What cleans up the extra loads/stores here (if we're optimizing)? Are assuming that there's a run of SROA afterwards, or does InstCombine do a good job here, or something else?


1-many -> one-to-many


Move this near the top of the function and check, before you generate code, that he function doesn't already exist. If it does, bail out (e.g., return a nullptr and the caller can move on to the next variant/function).


I don't think you need the iterators; this can just be:

for (auto &Arg : Clone->args())

and you use this pattern a lot (declaring two iterators and then using them in a for loop). In almost all of these cases, you should use a range-based for loop instead.


What happens if there's more than one return in the function? You might want, in that case, to create a new block with the return and convert all other returns to branches to that block.


In addition to branches, you need to handle SwitchInst and IndirectBrInst (and, for the latter, you need to find any place where the address of the return block is taken, and replace it with the address of the LoopExitBlock).


Use CreateAdd here so you can set both nuw and nsw on this increment.


What happens if there is more than one store user?

Thanks for the comments, Hal. Just to clarify your point #2, I think what you're saying is that we should start from a common parameter representation; i.e., parameters should be loaded/stored through memory. Please correct me if I'm wrong. I certainly think this would be a great way to reduce the complexity of the algorithm. The remainder of items in your list should already be covered, but some tweaking may be involved.

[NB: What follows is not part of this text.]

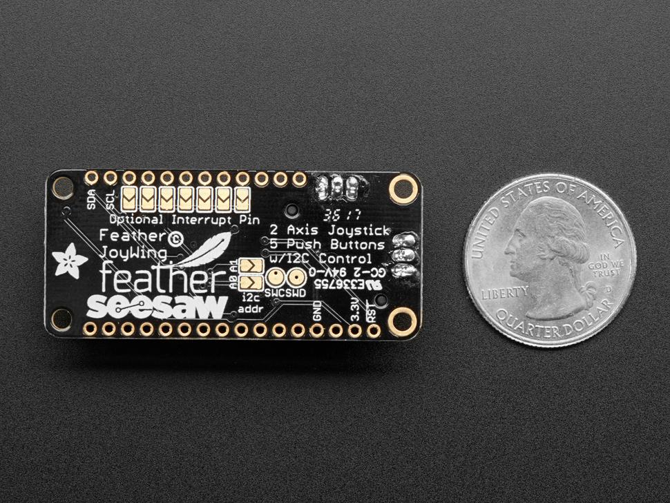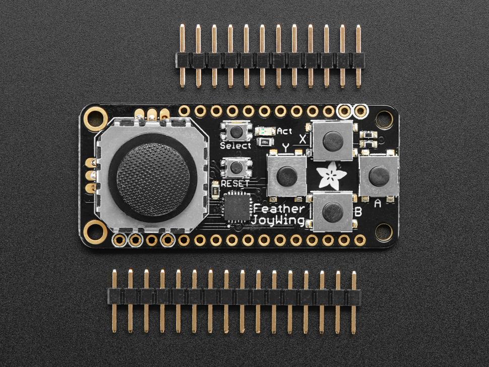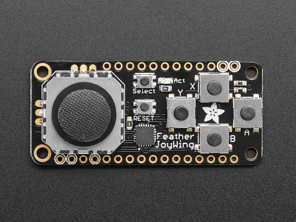 Transformeer je feather in een compacte gaming- of robotcontroller met de Joy FeatherWing , voorzien board een joystick met twee assen en vijf momentknoppen, waaronder vier grote en één kleine. Hij maakt naadloos verbinding met je microcontroller via I2C, waardoor je analoge of digitale pinnen behouden blijven.
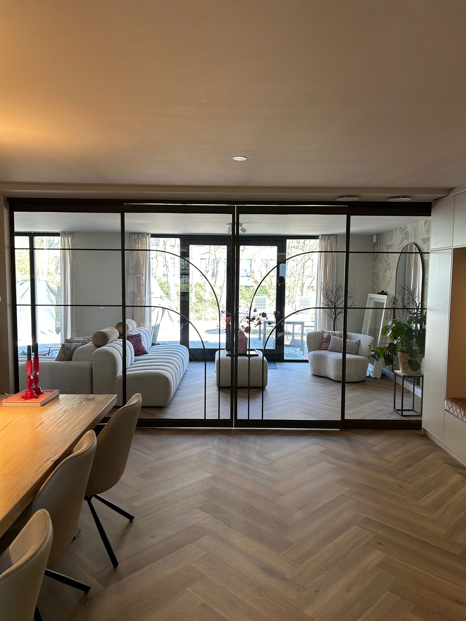 De ronde vormen van de schuifpui creëren een vloeiende overgang tussen ruimtes, waardoor een harmonieuze sfeer ontstaat.

Thanks for the comments, Hal.

No problem. Thanks for working on this!

Just to clarify your point #2, I think what you're saying is that we should start from a common parameter representation; i.e., parameters should be loaded/stored through memory. Please correct me if I'm wrong. I certainly think this would be a great way to reduce the complexity of the algorithm. The remainder of items in your list should already be covered, but some tweaking may be involved.

For point #2, I'm saying that we should take all local stack allocations and make them wider by a factor of VL. Thinking about this as having VL simultaneously-running copies of the function, one per vector lane, each of those gets a separate "lane" of the local stack allocations. In point #5, I sketched how I'd handle parameters (I'm not exactly sure what you mean by common representation, as different kinds of parameters do require different handling (i.e., vector, uniform, scalar)). What is true is that, for unoptimized code, where the function arguments are generally stored in local stack allocations, all of those stores are now just inside the loop with everything else, so nothing special needs to happen. Does that make sense?

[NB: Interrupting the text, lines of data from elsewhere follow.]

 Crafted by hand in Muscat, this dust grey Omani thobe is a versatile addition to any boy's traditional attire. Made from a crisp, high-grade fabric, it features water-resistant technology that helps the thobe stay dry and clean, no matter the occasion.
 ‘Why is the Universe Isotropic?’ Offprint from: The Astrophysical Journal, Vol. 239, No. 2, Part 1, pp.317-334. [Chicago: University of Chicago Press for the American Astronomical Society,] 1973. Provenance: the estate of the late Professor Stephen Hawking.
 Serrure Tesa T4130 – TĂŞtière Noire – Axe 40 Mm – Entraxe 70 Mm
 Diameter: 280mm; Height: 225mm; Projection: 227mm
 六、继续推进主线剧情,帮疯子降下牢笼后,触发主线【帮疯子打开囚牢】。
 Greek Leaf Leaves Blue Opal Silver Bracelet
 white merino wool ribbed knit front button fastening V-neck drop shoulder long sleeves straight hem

Ok, after doing some experimentation I believe I understand where you're heading with this. Once I have done some more refactoring I'll post a new version of VecClone for review to make sure we're on the same page.

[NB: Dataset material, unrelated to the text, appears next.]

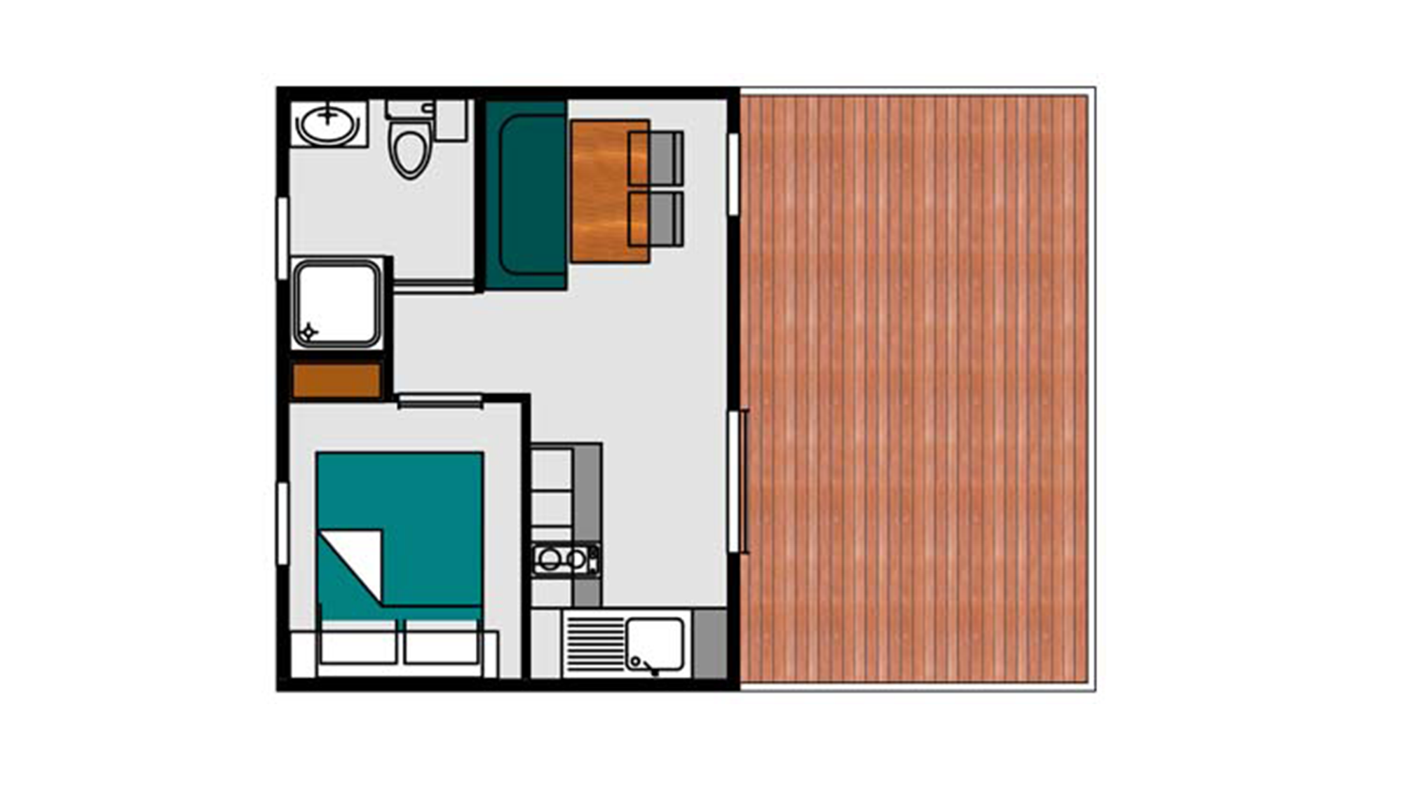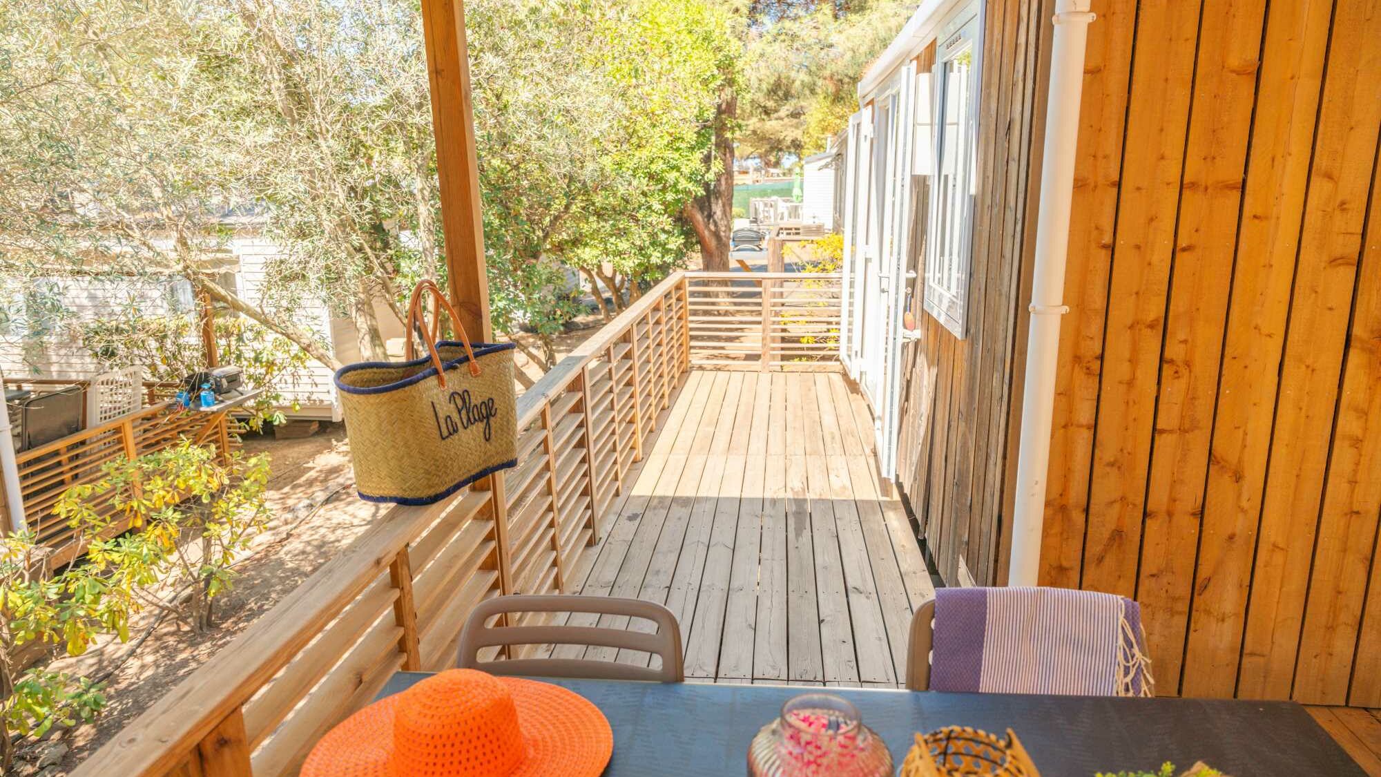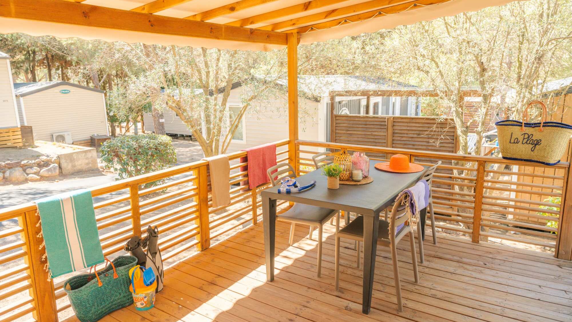 20m² + 15m² Covered terrace. One double bedroom (bed 160 x 200). A dining area convertible into bed for 2 people (130 x 190). A fully-fitted kitchen. A bathroom with a large shower, sink and toilet. Garden furniture.

mmasten added inline comments.Jan 26 2018, 4:09 PM

InstCombine will do it. I also know that EarlyCSE will work.


In all the test cases that I have used to this point, this type of re-wiring has already been done. Granted, I have mainly been testing some very simple multiple return functions, but if you have a test case where this happens it will be helpful. Thanks.

mmasten updated this revision to Diff 131670.Jan 26 2018, 4:27 PM

Extensive update to the VecClone algorithm based on Hal's feedback. VecClone pass is now supported through the new pass manager. Other minor code changes made.

The latest update includes some pretty extensive rework of the VecClone algorithm that Hal suggested. I also added support for VecClone in the new pass manager and since it is my first time doing this, I would welcome any specific comments on whether or not this was done correctly. Please note that I'm still working on fixing existing tests and will be adding new ones, but I wanted to make sure the overall algorithm is headed in the right direction. Thanks all.

Just a gentle reminder to have a look at the latest VecClone algorithm. Thanks, Matt.